Exercise: Pictures stay out of this copy; please retype only the lines from the start of the records through the line with "With respect to".

Supplied data:
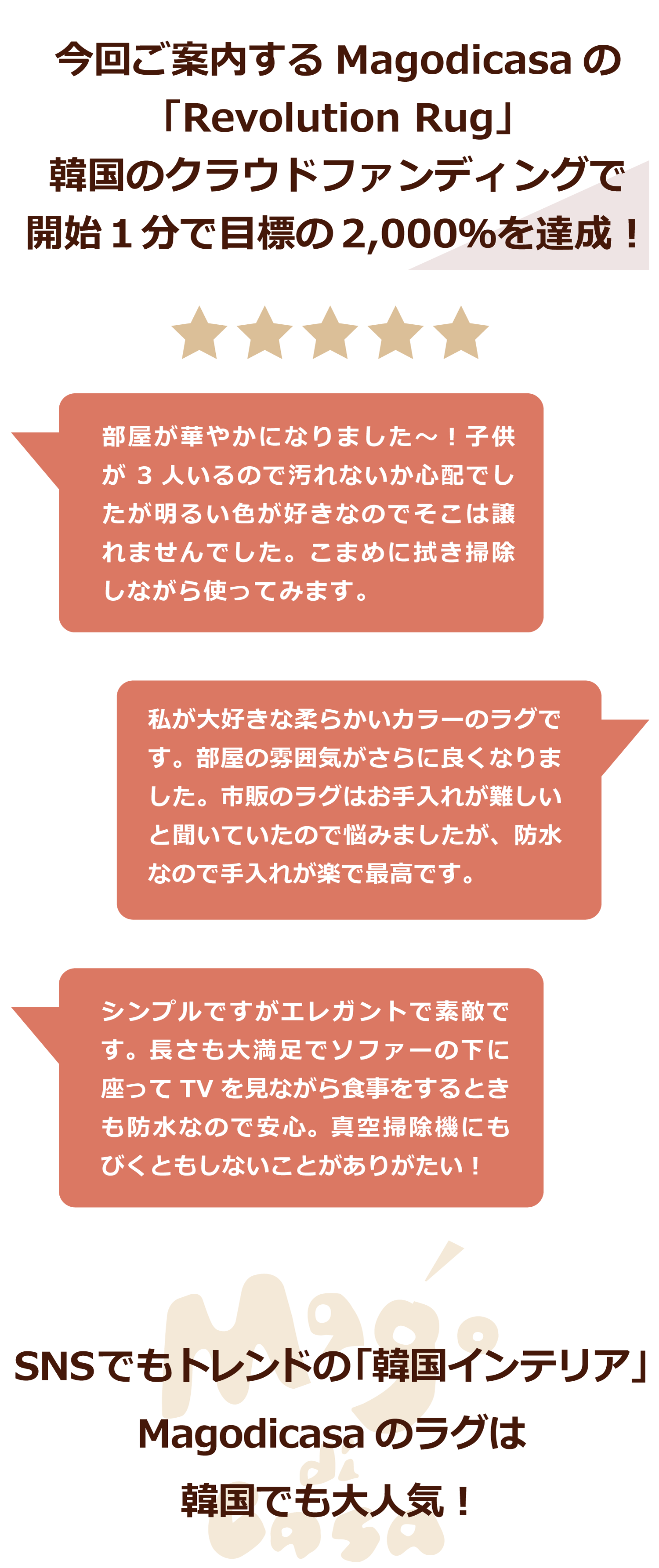 Magodicasa のRevolution Rug を通じて1人でも多くの方に、おうち時間を快適にそして笑顔で過ごしていただけることを期待しております。
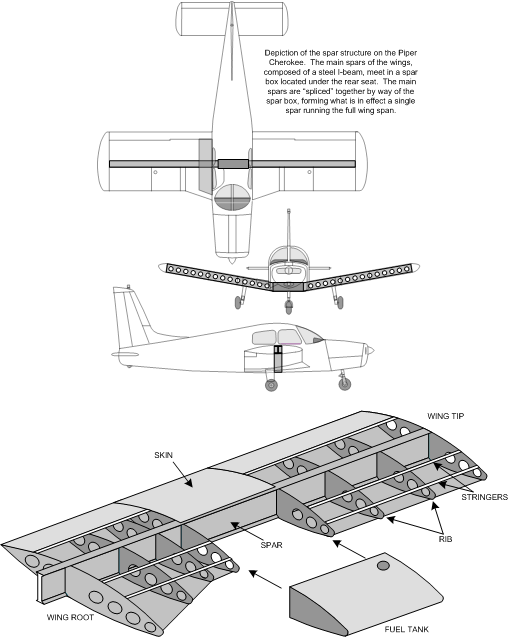 With respect to internal structure, wing loading is transmitted to the spar by way of ribs, which extend from the leading to trailing edge, intersecting the spar.
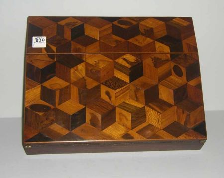 Tunbridge ware cube pattern writing slope or lap desk circa 1840 Tunbridge ware cube pattern writing slope or lap desk circa 1840
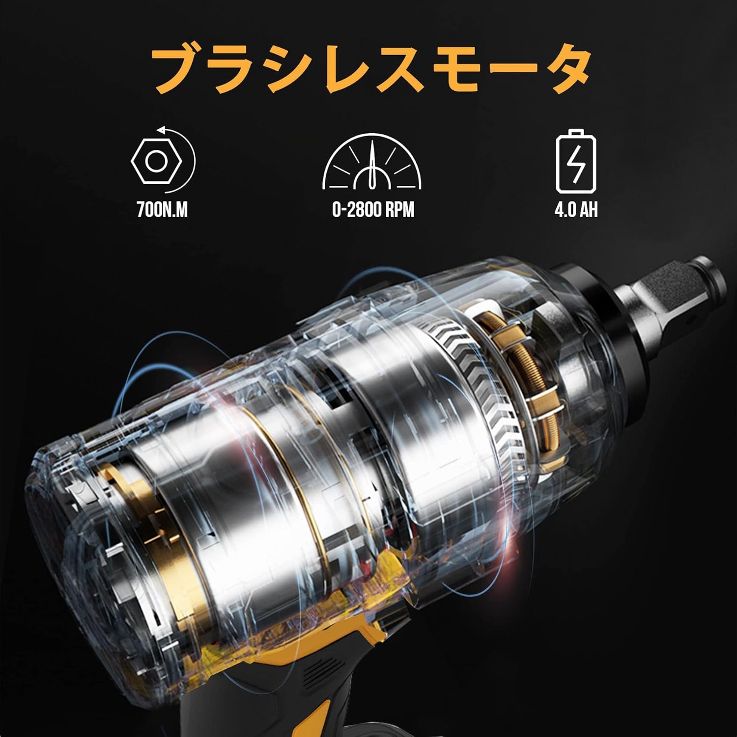 ブラシレスコンパクト最大700N.m高トルク電動インパクトレンチ4.0Ahリチウムイオンバッテリー
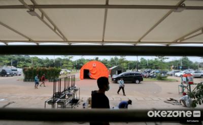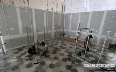 Suasana Pembangunan RS Darurat Covid-19 di KPT Tandon Ciater Tangsel
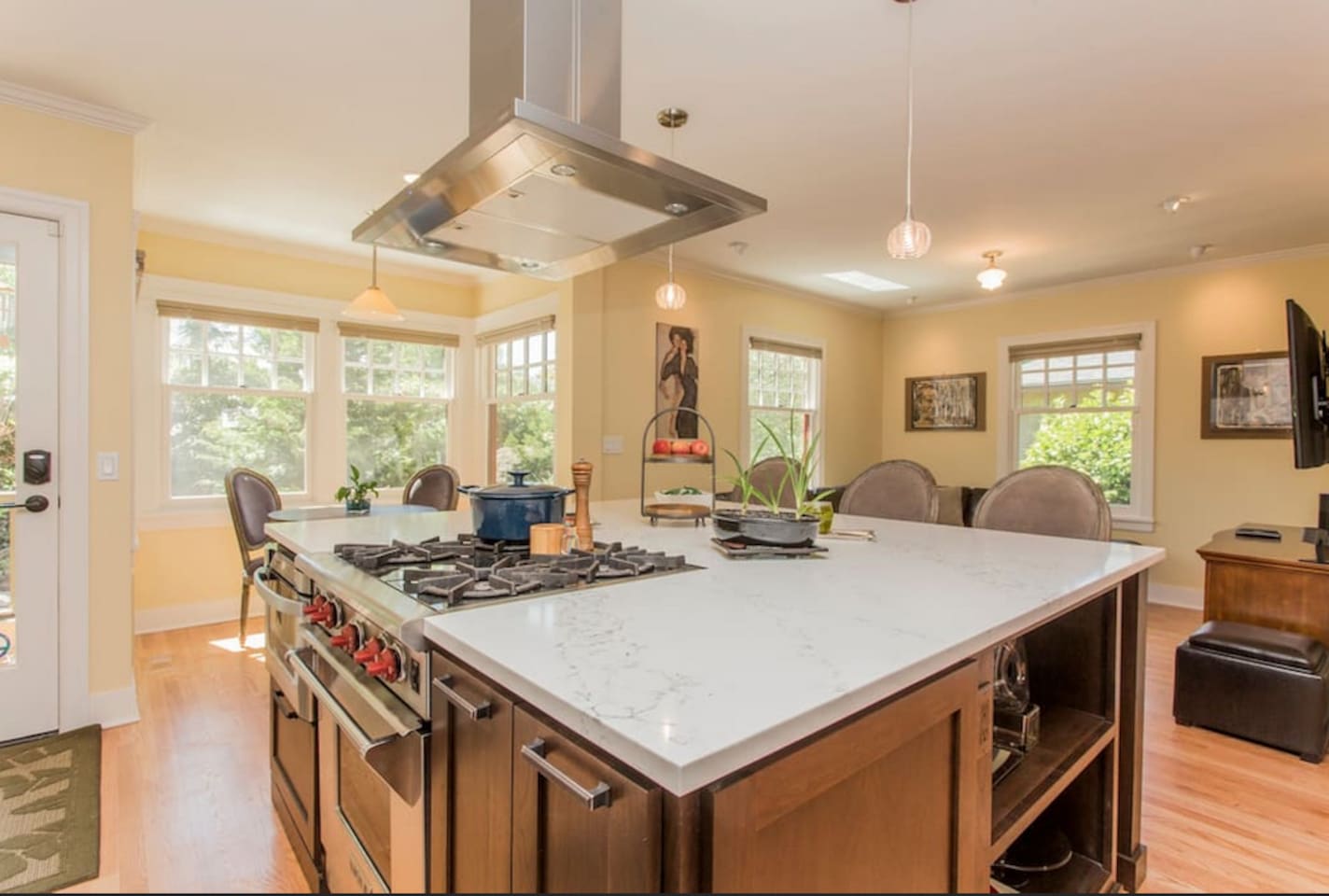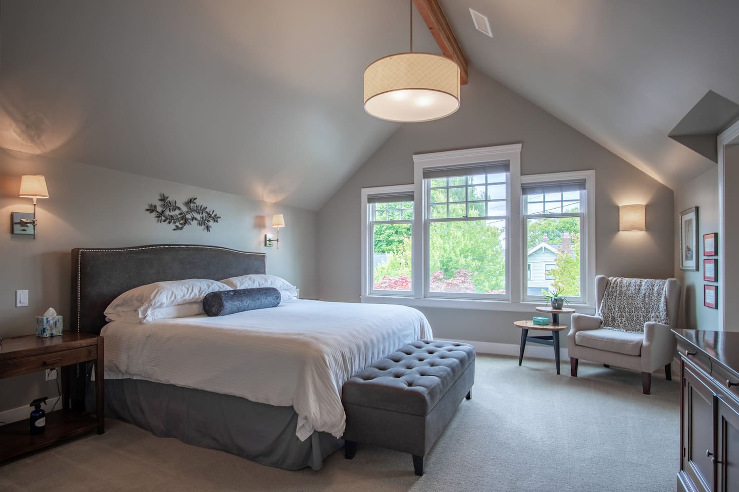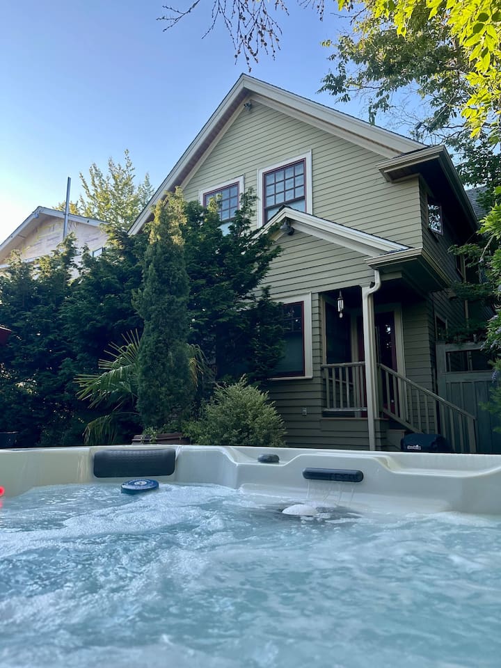 Large groups will rest easy at this newly renovated 5-bedroom luxury home with private guest suite. This gem is centrally located in one of Seattle’s most charming and desirable neighborhoods. Walk along quaint, tree-lined streets to restaurants and shopping on Queen Anne Avenue or catch the bus a block away for a quick 10-minute ride to the popular Seattle Center and downtown. Afterwards, enjoy dinner or a glass of wine on the beautiful fenced-in outdoor patio or a soak in the hot tub.
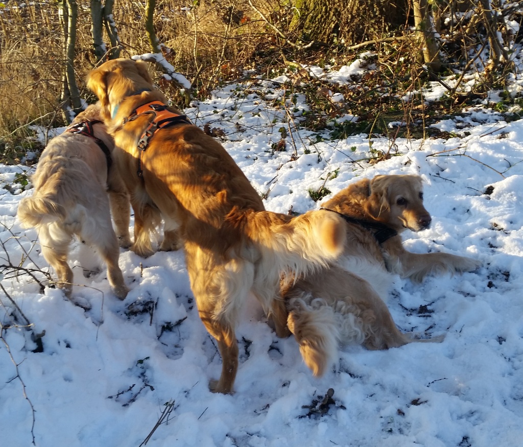 Meine Hunde geniessen die weiße Pracht in vollen Zügen. Die Hundesitter und ich frieren uns den A…. ab auf den Spaziergängen aber die Hunde sind überglücklich. Hier ein paar Impressionen von unseren Runden…
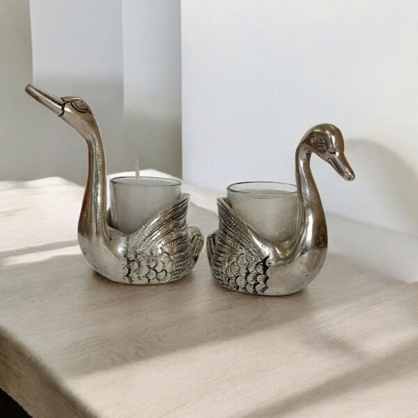 Kraftsun Aluminium Silver Colored Pair of Swan for Good Luck and Love | Candle Holder for Home Decor Showpiece for Gifting
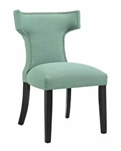- Design details: Transform your dining decor with the broadly designed Curve Dining Side Chair. Sweeping lines complement a minimalist shape for a chic look studded with nailhead trim. Curve comes generously padded with dense foam covered in polyester fabric, non-marking foot caps, and delivers just the right touch of finesse with tapered wood legs. Sporting an hourglass shape, Curve works well in a variety of dining room arrangements.

Result of the exercise:
 Magodicasa のRevolution Rug を通じて1人でも多くの方に、おうち時間を快適にそして笑顔で過ごしていただけることを期待しております。
 With respect to internal structure, wing loading is transmitted to the spar by way of ribs, which extend from the leading to trailing edge, intersecting the spar.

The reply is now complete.